Record num_processes in training_step.json at checkpoint time and feed the
checkpoint's value into compute_sampler_state on resume, so the data order
resumes at the right position regardless of the new world size. Warn when the
world size changed (the global offset is correct, but per-rank sample-exactness
needs the same topology). Old checkpoints without the field fall back to the
current world size.

Also document compute_sampler_state's assumptions explicitly: num_processes /
batch_size must match the checkpointing run, and accelerate's even_batches=True
padding is mirrored by the ceil(... / num_processes) term.

Co-Authored-By: Claude Fable 5 <noreply@anthropic.com>
Co-authored-by: Cursor <cursoragent@cursor.com>

* style: apply ruff-format to lerobot_train.py

Collapse the compute_sampler_state(...) call onto one line so the
ruff-format pre-commit hook passes (fixes the failing CI check).

Co-authored-by: Cursor <cursoragent@cursor.com>

* refactor(datasets): use seeded torch.randperm instead of Feistel in EpisodeAwareSampler

Drop the Feistel permutation (and its SplitMix64 hash / cycle-walking) in favor of a
torch.randperm seeded from (seed, epoch). The deterministic mode keeps its key properties
- data order is a pure function of (seed, epoch), so it reproduces on every rank with no
  global-RNG synchronization, and
- state_dict / load_state_dict still resume sample-exactly, now by regenerating the epoch's
  permutation and slicing from the saved offset.

Construction stays O(num_episodes) (only episode boundaries are stored, never a per-frame
index list). The trade-off vs Feistel: the per-epoch shuffle is again O(num_frames) memory
(the randperm tensor) and no longer O(1)-seekable, in exchange for ~30 fewer LOC and a truly
uniform shuffle. Tests updated: the trillion-frame O(1) test is replaced with a
boundary-storage check and a scale resume-exactness test.

Co-authored-by: Cursor <cursoragent@cursor.com>

* refactor(datasets): make EpisodeAwareSampler always deterministic

With Feistel gone, deterministic and legacy modes were both just torch.randperm and the
deterministic path strictly dominated (reproducible across ranks via the (seed, epoch) seed,
no accelerate generator sync, resumable). Collapse to a single path and drop the redundant
flag:

- remove the `deterministic` and `generator` constructor args, `_iter_default`, and
  `_require_deterministic`; `set_epoch` / `state_dict` / `load_state_dict` are now unconditional
- remove the `deterministic_sampler` train config field and the legacy generator branch in
  lerobot_train.py (non-streaming map datasets always use the sampler)
- drop the now-obsolete generator/legacy tests

Note: removes the `generator` kwarg from EpisodeAwareSampler (back-compat break vs main); the
order is now a pure function of (seed, epoch), so no cross-rank RNG sync is needed.
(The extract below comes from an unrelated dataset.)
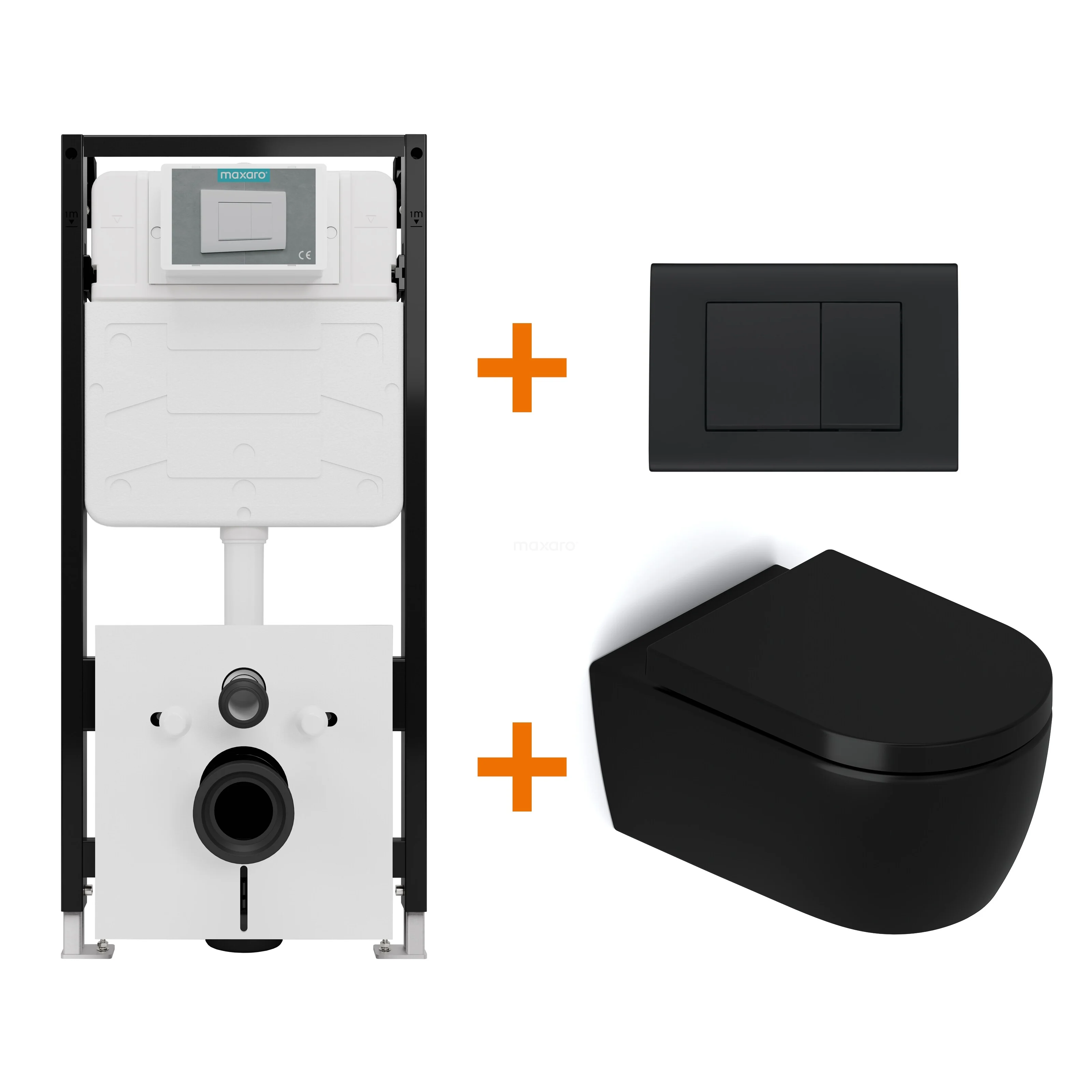 Met deze complete toiletset haal je in één keer alles in huis voor een stijlvol, functioneel en betaalbaar hangtoilet. De set bevat een mat zwart Senza hangtoilet, een softclose toiletzitting, het hoogwaardige Maxaro FLush Slim Pro-inbouwreservoir en een strak vormgegeven bedieningspaneel. Dankzij de perfecte afstemming tussen de onderdelen geniet je van optimale prestaties en comfort, zonder onnodige kosten.

Co-authored-by: Cursor <cursoragent@cursor.com>

* fix(datasets): address sampler review (batch_size resume guard + docs)

- Record batch_size in training_step.json alongside num_processes and feed
  the checkpoint's value into compute_sampler_state on resume; warn when it
  differs (per-rank sample-exactness needs the same batch size).
- Document the set_epoch vs __iter__ auto-advance coupling on EpisodeAwareSampler
  (callers should rely on exactly one mechanism per run).
- Note the broadened (reproducibility-breaking) sampler guard and the no-generator
  distributed sharding correctness in lerobot_train.py.
- Add load_training_batch_size + parallel tests.
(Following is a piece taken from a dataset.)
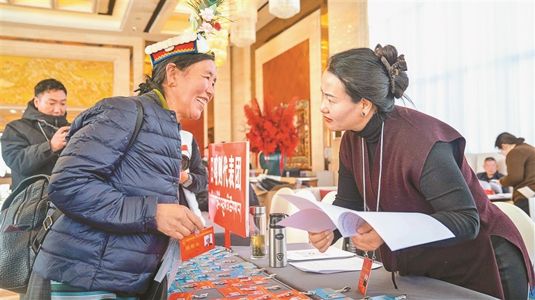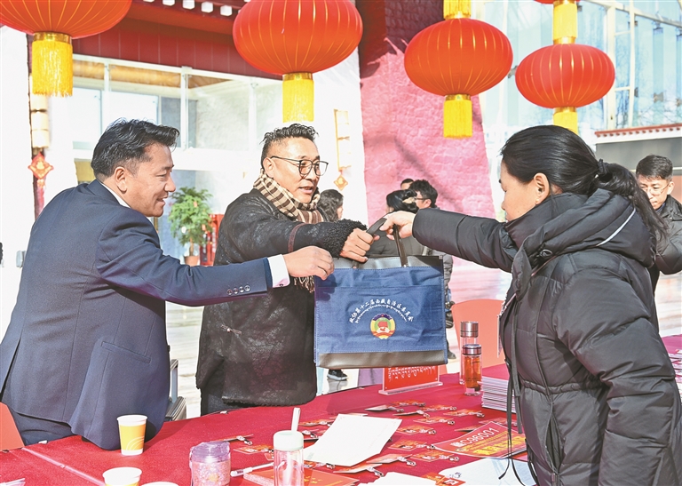 人大代表在駐地領(lǐng)取證件和會議材料。記者 歐珠次仁 平措諾吉 攝

Co-authored-by: Cursor <cursoragent@cursor.com>

* fix(train): download dataset once on the global main process

Gate the training dataset download on the global is_main_process (download once to the
shared dataset root, barrier, then every other rank reads the already-populated copy)
instead of per-node is_local_main_process. LeRobotDataset skips its snapshot_download
when try_load() succeeds, so no rank re-downloads. Assumes the dataset root / HF cache is
on storage shared across nodes.

Co-authored-by: Cursor <cursoragent@cursor.com>

* chore(datasets): trim sampler comment and drop duplicate tests

Remove the verbose dataloader-guard comment and the two EpisodeAwareSampler tests
that duplicated existing validation/warning coverage (no coverage loss).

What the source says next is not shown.